“O Jesus Christ!
I am deaf and blind;
Nothing comes through into my mind,
I only am not dumb:
Although I see Thee not, nor hear,
I cry because Thou mayst be near
O Son of Mary! come!”
Do you think a girl of seventeen may not be feeling out into the spiritual dark,—may not be stretching helpless hands, vaguely, toward the Hands that help? Desire Ledwith laid the book down again, with a great swelling breath coming up slowly out of her bosom, and with a warmth of tears in her earnest little eyes. And Uncle Titus Oldways sat there among his papers, and never moved, or seemed to look, but saw it all.
He never said a word to her himself; it was not Uncle Titus’s way to talk, and few suspected him of having anything to say in such matters; but he went to Friend Froke and asked her,—
“Haven’t you got any light that might shine a little for that child, Rachel?”
And the next Sunday, in the forenoon, Desire came in; came in, without knowing it, for her little light.
She had left home with the family on their way to church; she was dressed in her buff silk pongee suit trimmed with golden brown bands and quillings; she had on a lovely new brown hat with tea roses in it; her gloves and boots were exquisite and many buttoned; Agatha and Florence could not think what was the matter when she turned back, up Dorset Street, saying suddenly, “I won’t go, after all.” And then she had walked straight over the hill and down to Greenley Street, and came in upon Rachel, sitting alone in a quiet gray parlor that was her own, where there were ferns and ivies in the window, and a little canary, dressed in brown and gold like Desire herself, swung over them in a white wire cage.
When Desire saw how still it was, and how Rachel Froke sat there with her open window and her open book, all by herself, she stopped in the doorway with a sudden feeling of intrusion, which had not occurred to her as she came.
“It’s just what I want to come into; but if I do, it won’t be there.
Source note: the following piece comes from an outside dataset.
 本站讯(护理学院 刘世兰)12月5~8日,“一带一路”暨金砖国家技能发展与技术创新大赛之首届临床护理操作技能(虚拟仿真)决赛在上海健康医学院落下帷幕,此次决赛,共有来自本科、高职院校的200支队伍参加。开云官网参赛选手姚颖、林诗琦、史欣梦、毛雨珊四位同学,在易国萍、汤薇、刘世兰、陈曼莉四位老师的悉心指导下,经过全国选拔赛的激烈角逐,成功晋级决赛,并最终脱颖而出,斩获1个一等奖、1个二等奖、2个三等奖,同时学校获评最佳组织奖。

I’ve no right to spoil it. Don’t mind, Rachel. I’ll go away.”
She said it softly and sadly, as if she could not help it, and was turning back into the hall.
“But I do mind,” said Rachel, speaking quickly. “Thee will come in, and sit down. Whatever it is thee wants, is here for thee. Is it the stillness? Then we will be still.”
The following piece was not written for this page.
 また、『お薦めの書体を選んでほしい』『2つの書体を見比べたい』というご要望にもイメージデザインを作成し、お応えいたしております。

“That’s so easy to say. But you can’t do it for me. You will be still, and I shall be all in a stir. I want so to be just hushed up!”
“Fed, and hushed up, in somebody’s arms, like a baby. I know,” said Rachel Froke.
“How does she know?” thought Desire; but she only looked at her with surprised eyes, saying nothing.
“Hungry and restless; that’s what we all are,” said Rachel Froke, “until”—
“Well,—until?” demanded the strange girl, impetuously, as Rachel paused. “I’ve been hungry ever since I was born, mother says.”